Herpes Simplex Virus-1 and -2
Only age appeared to be meaningfully associated with HSV-1 antibody levels. In multivariate models (with dichotomized vitamin D, DRB1 status, race, and ethnicity), each one year older age at blood collection was associated with a lower HSV-1 antibody level (beta coefficient −0.16, 95% CI [−0.34, 0.02], p=0.085); the results were similar in models in which vitamin D was a continuous covariate (). There was no meaningful difference when the blood draw date was added to the models. There appeared to be a possible interaction between MS/CIS status and vitamin D level (p=0.18), but analyses stratified by MS/CIS status did not show meaningful differences. Interaction could not be assessed in models in which vitamin D was dichotomous because there were no controls positive for antibodies to HSV-1 who had sufficient vitamin D levels. MS/CIS status did not appear to be a confounder in the association between vitamin D levels and HSV-1 antibody levels.
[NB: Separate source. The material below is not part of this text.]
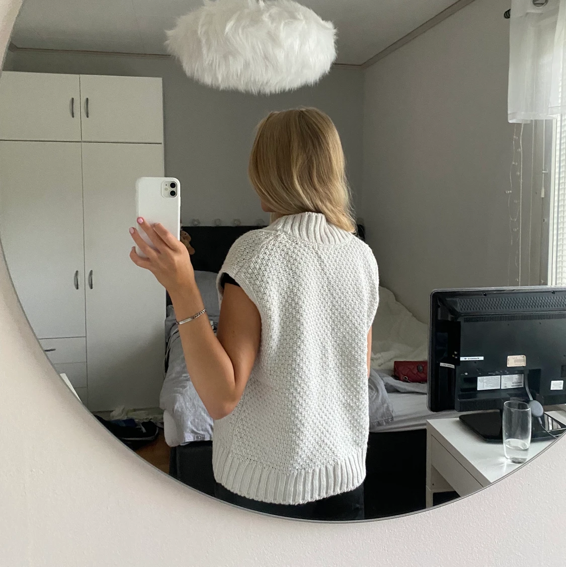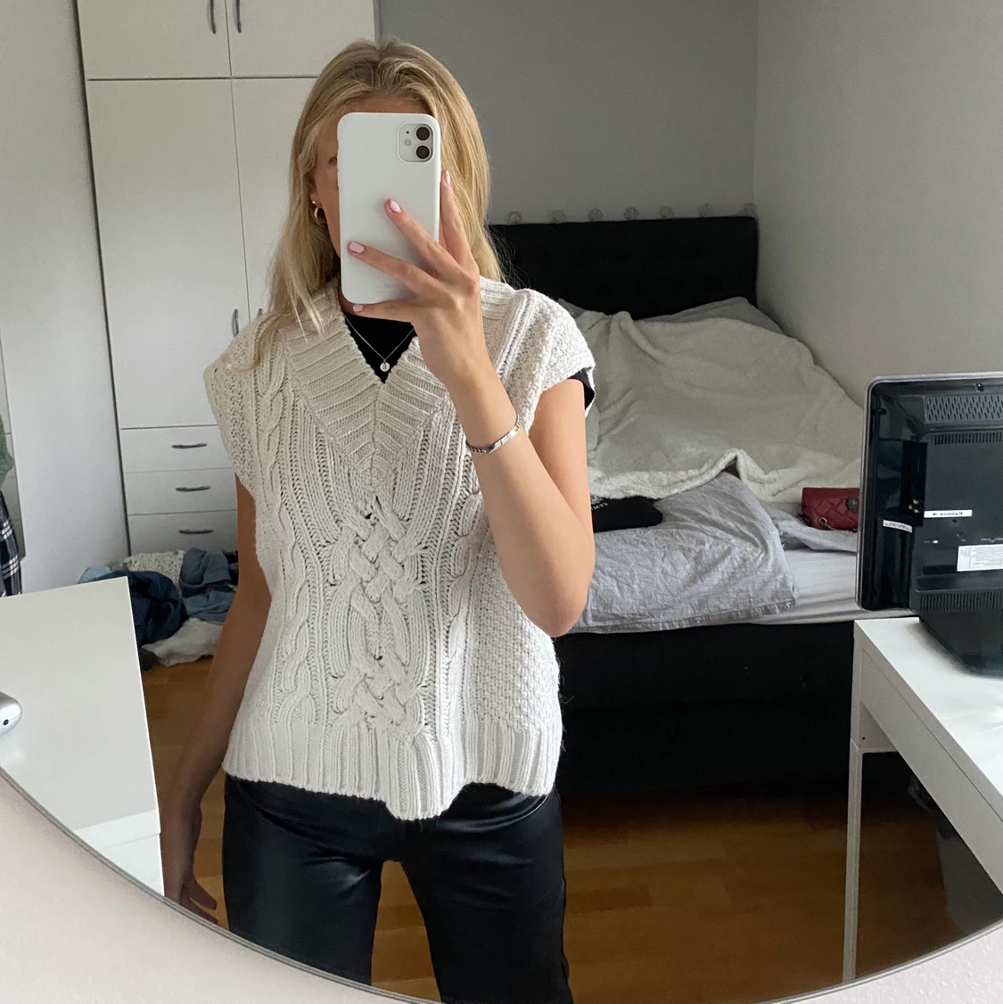 Säljer denna supertrendiga stickade väst från H&M. De är xs men sitter oversized så skulle tro att den passar allt mellan xs-m 💕 knappt använd

Among HSV-2-positive patients, vitamin D levels were weakly associated with HSV-2 antibody levels when vitamin D was a continuous, but not a binary, variable (coefficient for 1 ng/mL greater vitamin D level= 0.03, 95% CI [0.00, 0.07], p=0.08); non-white race also tended to be associated with higher antibody levels (). Adding the day of the year on which the blood was drawn was not associated with a meaningful change in the estimates. MS/CIS status did not appear to confound the association of vitamin D and HSV-2 antibody levels, although in the models that had vitamin D as a continuous variable, there was evidence for a possible interaction (p=0.12 for interaction term). Among those with MS/CIS, each 1 ng/mL greater vitamin D level was associated with a higher HSV-2 antibody levels (coefficient 0.05, 95% CI [0.01, 0.09], p=0.030), while vitamin D did not appear to be associated with the antibody levels in controls. Such an interaction was not apparent when vitamin D was treated as a binary covariate.